Creating a Cronjob

Cron is a system daemon that executes tasks at designated times. Crontab files are user specific, and can executed with admin privledges. Look for our current set of cronjobs using the -l option.

~$ crontab -l
no crontab for user

We will edit a crontab file for our current user, using crontab -e. The -e option states we are editing, and add the following line to the bottom of the crontab page. Make sure you replace user with your user name:

* * * * * echo "cronjob minute test" >> /home/user/log

This will write "cronjob minute test" to a file named 'test' in our user's home directory. And it will do this every minute, of every hour, of every day/month.

And for our Ruby aficionados, we need certain environment settings to run ruby script.rb, so first we need the path of our ruby executable, this can be found in /usr/local/bin, /usr/bin, or /bin. We state the ruby execuatable and its path, followed by our ruby script, and then we shovel the stdout into our log file. 2>&1 will redirect any stderr to the same file that stdout is pointing to. Meaning it will include any errors to our log file. We can omit this, but then we will not be able to tell if something is wrong with our script.

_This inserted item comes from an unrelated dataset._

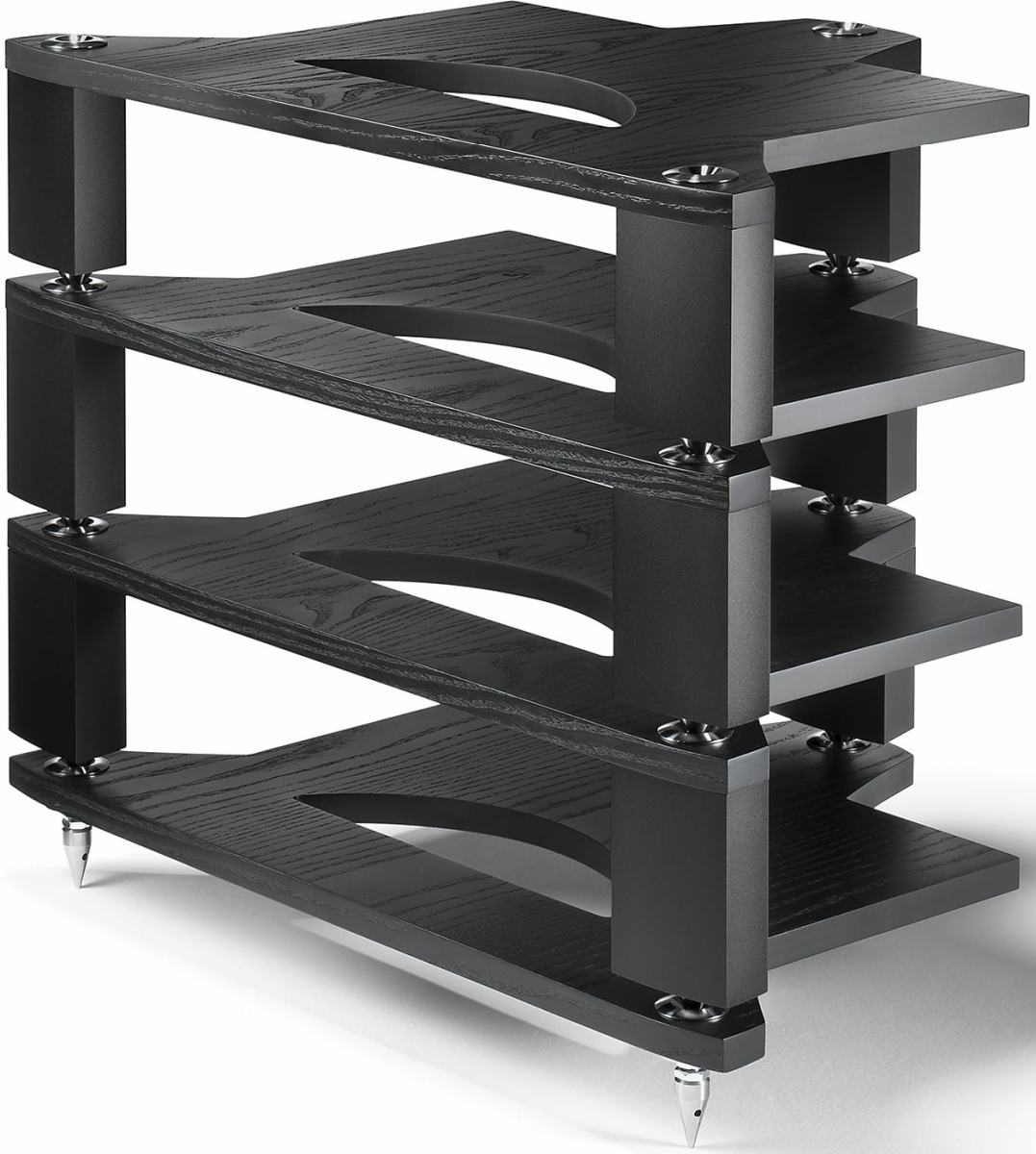 Rather than two-stage base level isolation, FraimLite incorporates just a single set of three cone and cup minimal contact interfaces. Each FraimLite shelving level then forgoes the Fraim’s glass sub-shelf to support equipment directly on veneered composite panels.

* * * * * /usr/bin/ruby /home/user/task/script.rb >> /home/user/task/log 2>&1

When configuring the time our script should be ran, we enter it as a time and date. Say we have a cronjob that looks like 15 7 3 1 * /usr/bin/ruby /home/user/script.rb >> /home/user/log

minute hour day month dayOfWeek
15 7 3 1 *

This will run our script at 7:15am on the 3rd of January. While that may be a long way off, we can also schedule our scripts to be ran on a weekly basis.

30 3 * * 2 /usr/bin/ruby /home/user/script.rb >> /home/user/log

This would run our script at 3:30am every Monday morning. We are able to run our script after a certain succession of time by specifying the intervals with */. If we need our script run every 10 minutes, we would use:

*/10 * * * * /usr/bin/ruby /home/user/script.rb >> /home/user/log

Finally, we use crontab -r to remove our crontab. After executing this command and checking cronjobs with crontab -l, we will be informed with no crontab for user. As always, you can find more info using man crontab, man 5 crontab, and man 8 cron.